Haven't seen so many smoking drinks since The Addams Family.
The Bailey's cosmotini tasted like a regular cosmo, only it also arrived bubbling like something out of Ghostbusters 2. After that adventure, we were ready for some food.
The Filetini (cubes of medium-rare steak on top of a pile of creamy mashed potatoes and gravy, served in a martini glass. The perfect carb-load for sobering up) and the cherry tomato & fresh mozzarella bruschetta (lightly toasted bread piled high with tomatoes and mozzarella) gave off a '90s wedding-reception-appetizer vibe presentation-wise, but tasted much more elegant.
Leigh Bailey, director of business development at Bailey's and planner of the watch party, "couldn't be happier" about how the event turned out. She said that based on the success of this event, Bailey's plans to have a finale-watching party at the end of the season. Of all the drinks on the menu, Leigh recommends the house-made mulled wine. She told us just to ask for "the hot wine." It's a really nice alternative to a cider if you're in the mood for a warm, wintry buzz.
Mid-sip of the dill fizz (which was good, allegedly had juniper, dill and elder flower in it, but just tasted like a vodka and tonic to me. Maybe there was a mix-up at the bar? Either that, or the bartender was like, "That shit sounds gross. I'm making her a vodka tonic instead."), I saw Reality Steve's waxed eyebrows go up all the way across the room, and he cackled as Chantal O'Brien (Steve's prediction for winning the season) slapped the bachelor in the face. "That's her! She wins! I'm 100 percent sure." (He's gotta keep saying he's 100 percent sure because he was wrong last season.)
Tanner Pope (from The Bachelorette Season 5) was also in attendance. "Which one's he?" I asked a fan. "He's the guy from DeAnna's season who barfed getting out of the limo. Yeah. He has a beard now." Some people might call barfing on a reality show embarrassing. I call it bad-ass. It's not like you're going to find real love (hell, you can't even find real tits) on one of these shows, so you might as well find the open bar. Cheers, Tanner. And cheers to you for being less fake-tanned than Reality Steve. It's winter.

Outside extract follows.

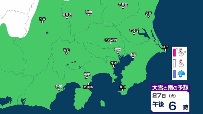 【東京の雪予想】冬型の気圧配置が強まる見込み→29日(木)東京・横浜・千葉など首都圏の広い範囲に雪雲が… 27日(火)~2月1日(日)東京・横浜・千葉・埼玉・つくば 関東甲信地方の雪雨シミュレーション【気象庁 27日午後6時】 RSK山陽放送 2026年1月27日(火) 18:17 国内 天気 27日(火) 気象庁によりますと、27日は、高気圧に緩やかに覆われますが、低気圧が三陸沖に進み、気圧の谷や湿った空気の影響を受ける見込みです。このため、晴れや曇りで、長野県や関東地方北部では雪の降る所があるでしょう。 1 2 ▶27日(月)~1日(日)雪雨シミュレーション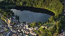 The Ulmener Maar is a maar in the Eifel mountains of Germany in the immediate vicinity of the town of Ulmen in the state of Rhineland-Palatinate. The lake is up to 37 metres deep and is surrounded by an embankment of tuff with an average height of 20 metres, which was formed from the erupted material of the former volcano. By the southern edge of the embankment are the ruins of a knight's castle, Ulmen Castle dating to the 11th century.

Tanner was working the lady-packed room, but nobody worked it as hard as Tyrone. I knew that this chick-centric event would inevitably have a few dudes just there trolling for chicks, but I could never have expected mid-40s Tyrone From India, wearing a suit, telling chicks he works for the CIA and not-so-casually whipping out his cash-filled wallet. (Did he think we were actually whores? Awesome!) Tyrone had many smooth moves, including but not limited to: busting out a digital camera from the '90s to show me pictures of himself with "his friend" Rick Perry, telling me I'm a bobblehead (I think he was negging me) and then inviting me to a threesome after I told him I was married with a kid. I sincerely hope he's the next The Bachelor.
If you're a fan of The Bachelor who's willing to admit that in a public setting, or just a fan of half-priced dinner, you should definitely go to Bailey's for the finale watch party. They served up some seriously tasty food, some fun specialty drinks and a good time. Just be sure to bring your mace in case of a creepy Tyrone-sighting.